Another example: Imagine that you are trying to decide whether to rent a house which is right next to a nuclear power plant. You're told that the average risk of dying from cancer caused by radiation from the plant is 1 part per million. Is this something to worry about? To answer that question, you might want to look at the average risk of other activities that you're involved in. According to a table in Physics: Concepts and Connections by Art Hobson, the following activities have the SAME average risk of death as living by the power plant for 5 years:

Ionizing Radiation:
one chest X ray
traveling cross-country once by jet
living 1 week in a building
living 5 weeks outdoors

Internal Consumption:
smoking 1.4 cigaretttes
drinking 0.5 liters of wine

Travel:
3 miles by motorcycle
30 miles by car
800 miles by train
1000 miles by commercial airplane

Other:
spending 1 hour in a coal mine (black lung disease)
spending 3 hours in a coal mine (accident)
living 2 days in NY or Boston(air pollution)

Often it's useful to look at a number as a percentage of something else. Just to make sure that everyone is starting off on the same track, let's review what percentages are:

If you say 30% of the American people believe something, that means that, on average, 30 out of 100 people believe something.

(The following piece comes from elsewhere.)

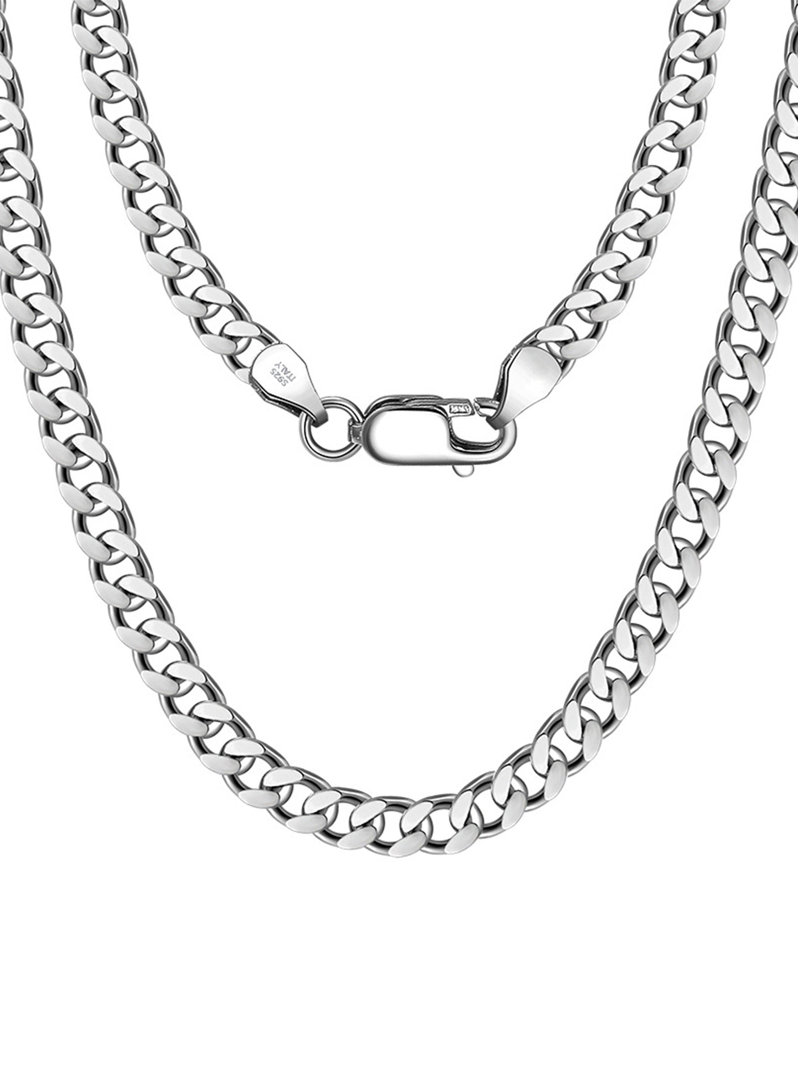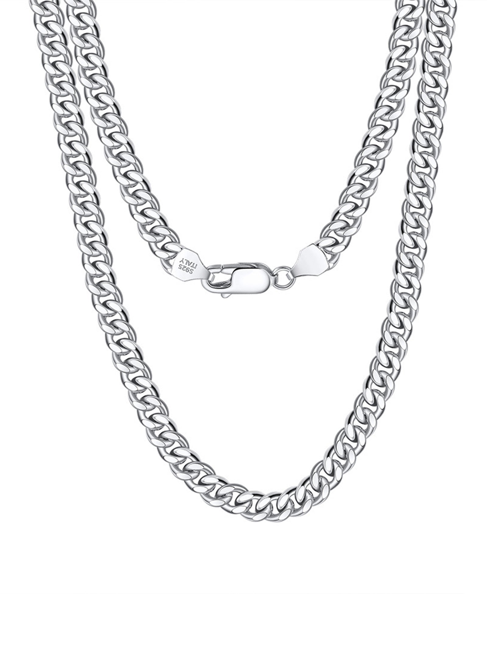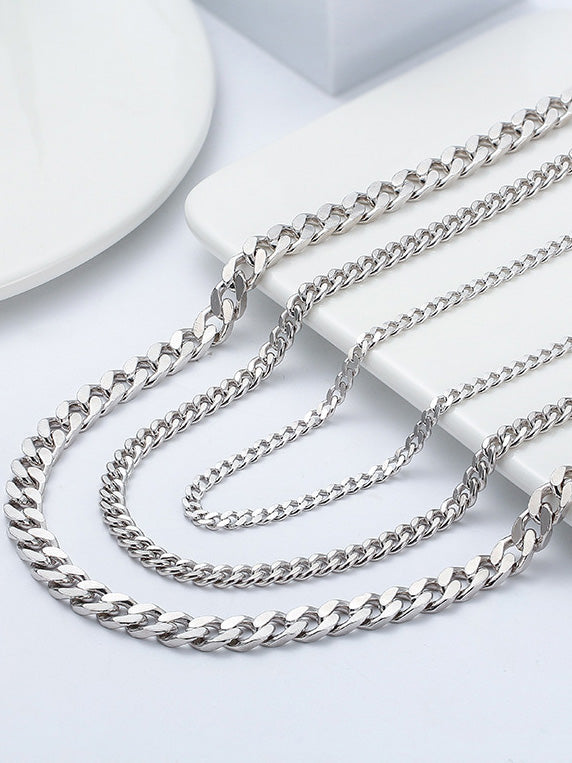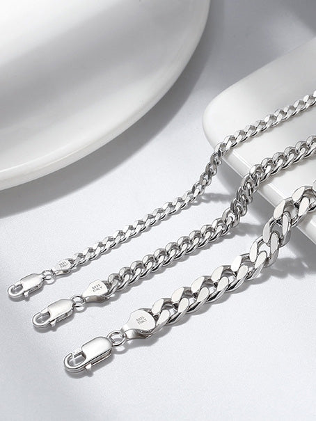 Sterling Silver Cuban Chain Necklace with Rhodium Plating

If someone tells you that 1 out every 4 Oregonians use a certain kind of toothpaste, you can convert this into a percentage by expressing the fraction 1/4 as a fraction out of 100:

1/4 = 25/100 --> 25 percent

Percentages can be very handy, especially if you don't know the typical numbers for the quantity that you're concerned about. If you're shopping for food and a product says "only X grams" of sodium, fat, or whatever, you should compare that to the % of the RDA. A number that sounds pretty low may turn out to be a large of percentage of what's recommended.

Percentages can be misleading, though. For example, imagine that you read that moving to a particular state will increase your chance of being struck by lightening by 300% (3 times). This is a huge percentage increase, but you probably won't worry too much about it, because the magnitude of the chance that you will be struck by lightning is so small that increasing it by a factor of 3 isn't a big deal. On the other hand, if the report said that your risk of having a heart attack would go up by a factor of 3, you'd probably pay attention, because you know that that's a leading cause of death for men and women. (What you're really interested in is the percentage increase in your overall risk of death.)

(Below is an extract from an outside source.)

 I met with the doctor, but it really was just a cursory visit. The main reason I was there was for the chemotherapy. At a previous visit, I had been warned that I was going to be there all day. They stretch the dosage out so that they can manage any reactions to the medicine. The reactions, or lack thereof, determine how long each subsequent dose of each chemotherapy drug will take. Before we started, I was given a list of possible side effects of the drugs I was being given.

The following is taken from Stephen Carey's "A Beginners Guide to Scientific Metod:"

Correlations:
1. correlation is not causation:

income, age, reading glasses--income does not cause you to require reading glasses
mere correlations-- stock price and the number of people bowling

2. correlation can be positive or negative

above case is positive: as the distance increase, the time to PSU increases
might see a negative correlation between the distance to PSU and the cost of housing (availability of parking!)

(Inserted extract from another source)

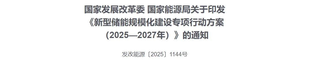 首先是《新型储能规模化建设专项行动方案(2025-2027年)》(1144号文),文件明确提出,到2027年,全国新型储能装机规模将突破1.8亿千瓦,带动投资规模高达2500亿元,并强调要完善新型储能等调节资源容量电价机制,建立容量补偿机制。

Draw on the board a graph of "time to PSU" vs. "distance to PSU" (positive correlation) and a graph of "housing costs" vs. "distance to PSU" (negative correlation)

3. correlation is rarely perfect

notice outliers in above graph--a student with a good score on the SAT doesn't necessarily have a high GPA

Note that on our graph of time to PSU vs. distance to PSU, we have points off the best fit line. Some people close by may take the bus or walk while someone living far away may have only interstate driving.

there are cases of perfect correlation, however --number of rings on a tree and its age

4. level of effect of a causal factor usualy limited--the fact that smoking is a cause of lung cancer does not mean that everyone who smokes will get lung cancer

5. most effects don't have a single causal factor: matching
In causal experiment, have a control group and a experimental group. (The suspected causal agent is introduced to the experimental group.)Want all other contributing factors to be equally represented in both groups. Sometimes this requires disqualifying some subjects from the experiment (or requiring the factor) to make sure that you have similar subjects in each group. Sometimes disqualify any subject associated with another casual factor. Have to watch out for self-selecting samples: subjects influence the composition of the experimental and control groups (i.e. subjects determine which group they're in). Ex: Professor wants to see the affect of attendance on how much people learn, so he teaches 2 sections of the same class, requiring attendance in one but not the other. If the students find out about the difference between the 2 sections, the less serious students will sign up or switch to the section that doesn't have required attendance.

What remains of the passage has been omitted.